ACTION ITEM:
Exactly the lines from the one containing "Góry Sassolungo, Dolina" through the end of the listing below are required, restated word for word and without pictures.

DATA PROVIDED:
....

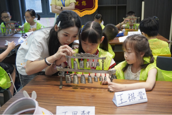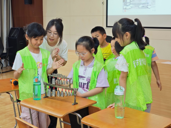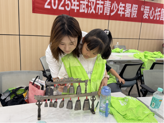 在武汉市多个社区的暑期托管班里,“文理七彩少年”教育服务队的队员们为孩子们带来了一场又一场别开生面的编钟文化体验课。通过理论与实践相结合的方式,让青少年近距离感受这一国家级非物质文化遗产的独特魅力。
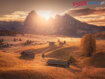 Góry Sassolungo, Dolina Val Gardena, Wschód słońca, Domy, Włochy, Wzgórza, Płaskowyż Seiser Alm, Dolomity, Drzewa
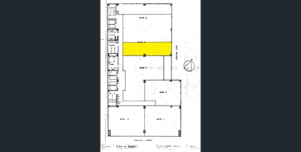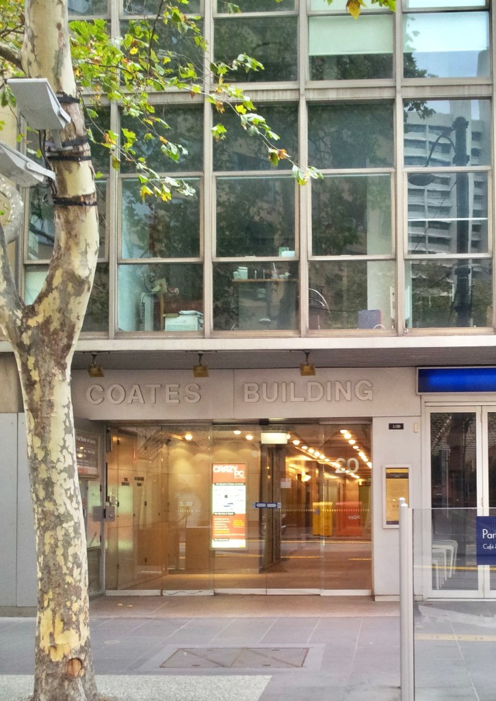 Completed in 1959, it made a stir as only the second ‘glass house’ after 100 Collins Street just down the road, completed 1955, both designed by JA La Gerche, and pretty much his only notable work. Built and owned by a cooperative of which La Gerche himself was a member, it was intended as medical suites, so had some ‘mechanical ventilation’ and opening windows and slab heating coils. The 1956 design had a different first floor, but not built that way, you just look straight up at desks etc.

....

ANSWER BELOW:
 Góry Sassolungo, Dolina Val Gardena, Wschód słońca, Domy, Włochy, Wzgórza, Płaskowyż Seiser Alm, Dolomity, Drzewa
 Completed in 1959, it made a stir as only the second ‘glass house’ after 100 Collins Street just down the road, completed 1955, both designed by JA La Gerche, and pretty much his only notable work. Built and owned by a cooperative of which La Gerche himself was a member, it was intended as medical suites, so had some ‘mechanical ventilation’ and opening windows and slab heating coils. The 1956 design had a different first floor, but not built that way, you just look straight up at desks etc.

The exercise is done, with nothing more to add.